An opinionated infrastructure library for building scalable Machine Learning platforms on AWS.


💡 Why This Project?

Building ML infrastructure is complex. It's not just "spinning up a cluster"; it requires stitching together networking, compute, storage, GPU management, ingress, and observability into a cohesive platform.

Traditionally, teams face a choice:

  1. Monolithic "World" Repos: Everything in one giant Terraform state or Pulumi stack. Safe at first, but terrifying to update as it grows.
  2. Fragmented Scripts: A collection of disconnected scripts that are hard to replicate across environments (Dev vs Prod).

pulumi_eks_ml solves this by treating infrastructure as a composable library.

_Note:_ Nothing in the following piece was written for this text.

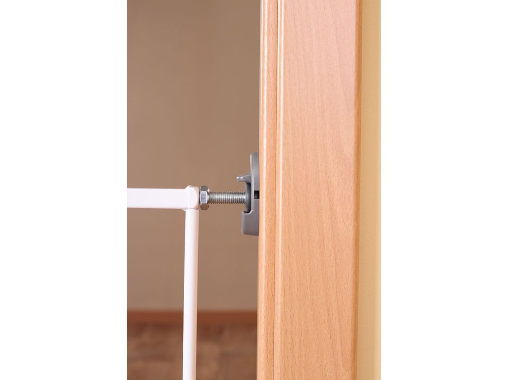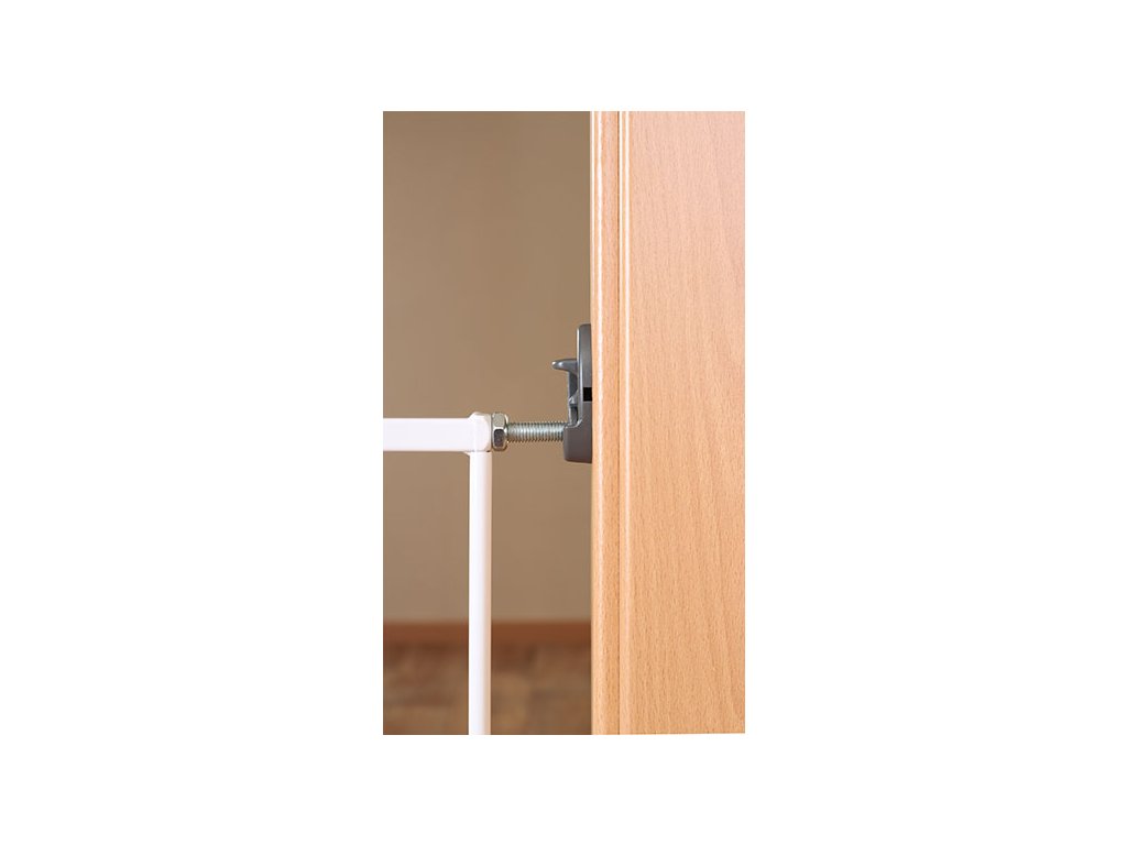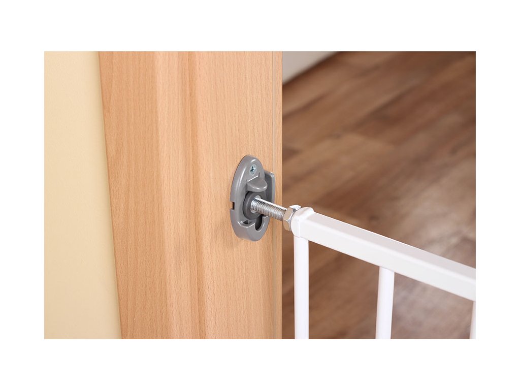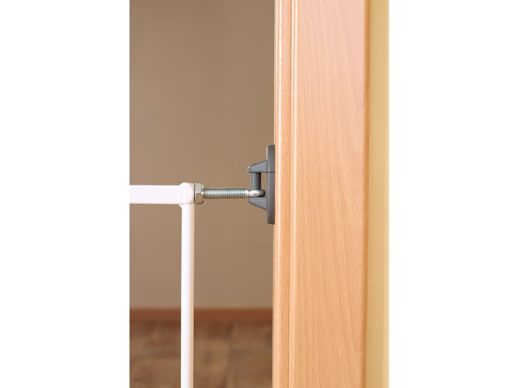 Bezpečnostní zábrana Basic je skvělý pomocník, zajišťující bezpečí Vašich dětí. Je šířkově nastavitelná: pro průchody o šířce od 68 do 106 cm, bezbariérová a vhodná tak především pro horní část schodiště. Při otevření je zachována původní šířka průchodu. Nastavitelné 4-bodové uchycení poskytuje individuální seřízení šířky na horních i spodních úchytných bodech a zábranu je tak zábranu možné použít i na klopených zdech nebo schodišťovém zábradlí.

  • Modular: Instead of one rigid architecture, you get building blocks (VPC, EKS, Karpenter, GPUs) to assemble your specific topology.
  • Multi-Region Native: Seamlessly peer VPCs across regions for global inference or disaster recovery.
  • ML-Optimized: We've pre-baked the hard stuff—GPU drivers, Karpenter autoscaling for Spot instances, and optimized node pools.
  • Environment Parity: Define your topology once in code, then deploy it identicaly to Dev, Staging, and Prod using simple configuration.

📦 What's Inside?

The repository provides a Python package (pulumi_eks_ml) containing high-level, opinionated components:

🌐 Networking (vpc)

  • Hub-and-Spoke Topology: Connect a central "Hub" VPC to multiple regional "Spoke" VPCs automatically.
  • Routing: Handles the complex peering routes and security group rules for you.

🧠 Compute (eks)

  • Secure EKS Clusters: Private endpoints, Fargate control planes, and OIDC identity providers pre-configured.
  • Karpenter Autoscaling: The gold standard for ML compute. Automatically provisions GPU/CPU nodes based on pending pod demand. support for Spot instances to reduce costs.

🧩 Addons (eks_addons)

Ready-to-use integrations that turn a raw cluster into a platform:

  • NvidiaDevicePlugin: Enable GPU workloads immediately.
  • AlbController: AWS Application Load Balancer management for ingress.
  • EbsCsi: AWS EBS CSI driver for block storage.
  • EfsCsi: AWS EFS CSI driver for shared file storage (ideal for model weights).
  • FluentBit: Ship logs to CloudWatch/S3/ES.
  • MetricsServer: Essential for Horizontal Pod Autoscaling (HPA).
  • Tailscale: Secure subnet router for private cluster access.

🚀 Applications (eks_apps)

  • SkyPilot: Deploy the multi-cloud job orchestration server with one line of code.

🏗 How to Organize Your Infrastructure

We recommend an Independent Project structure. Treat this repo as a dependency (like a library), and build your actual infrastructure in separate project folders.

The Model: Projects & Stacks

  1. Project: Represents a specific Topology. (e.g., "Training Platform", "Model Serving").
  2. Stack: Represents an Environment for that topology. (e.g., dev, staging, prod).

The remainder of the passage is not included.